Facing record-level population growth and a booming job market, the city of San Francisco wants luxury developers to pay into the public transit system.

San Francisco faces a dilemma. In recent decades, population growth has far outpaced residential housing construction, creating a housing shortage for both affordable and market-rate units. The booming job market has added to the influx of commuters, overburdening an aging public transit system. The city wants to continue its program of encouraging new housing construction, but it also must find a way to mitigate the impact that growing congestion has on the transit system. Until now, downtown luxury high-rises have benefited from a multi-modal location without paying for it. "A luxury tower could advertise transit access as a perk, then dump all these new residents onto a bus and rail system that was already overloaded," writes Eric Jaffe.
To address the growing gap between population and transit capacity, the city has proposed that existing transit impact development fees be extended to market-rate residential developers. The fee proposal is part of a broader Transportation Sustainability campaign by the Planning Department: "If we don’t change our development practices and invest in transportation improvements citywide, we can expect unprecedented gridlock on our streets and crowding on our buses and trains."
But how much the fee should be is up for debate. Given the need to incentivize new construction, provide more affordable housing, and maintain a robust and reliable transit system, is the proposed fee structure effective? "The fee was set by determining how much development impacts transit in terms of cost, roughly $31 per square foot, then balancing it with the results of a fiscal feasibility study that looked at what level a fee would discourage development," writes Cory Weinberg.

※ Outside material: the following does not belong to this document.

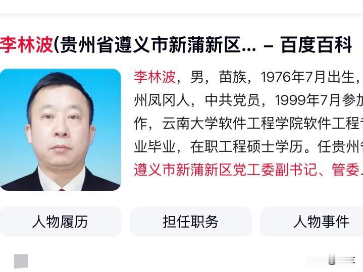 今天贵州的李林波上了热搜 他是1976年出生的贵州凤冈人 他长期在遵义等地工作

Currently, such fees are paid by commercial builders, and annual revenue streams average $24 million. The new fee structure would increase that amount by 40 percent. According to Weinberg: non-residential developers would see an increase from $14 a square foot to $18.04 a square foot; the manufacturing sector (also a growth target for the city) would see only a minor fee increase, from $7.46 to $7.61 a square foot; and the newly added market-rate residential fee would be $7.74 a square foot.
A previous attempt to impose a transit impact fee on residential development was shot down because it also targeted non-profits, medical centers and affordable housing units. The new proposal exempts these groups as well as builders with less than 20 housing units.
The fact that developers are on board with the new proposal suggests that it will still be very profitable to build luxury condos in San Francisco. "Developer acceptance is great for the plan, but it does raise the question of whether the 'not unreasonable' fee might, in fact, be a bit too reasonable," says Jaffe.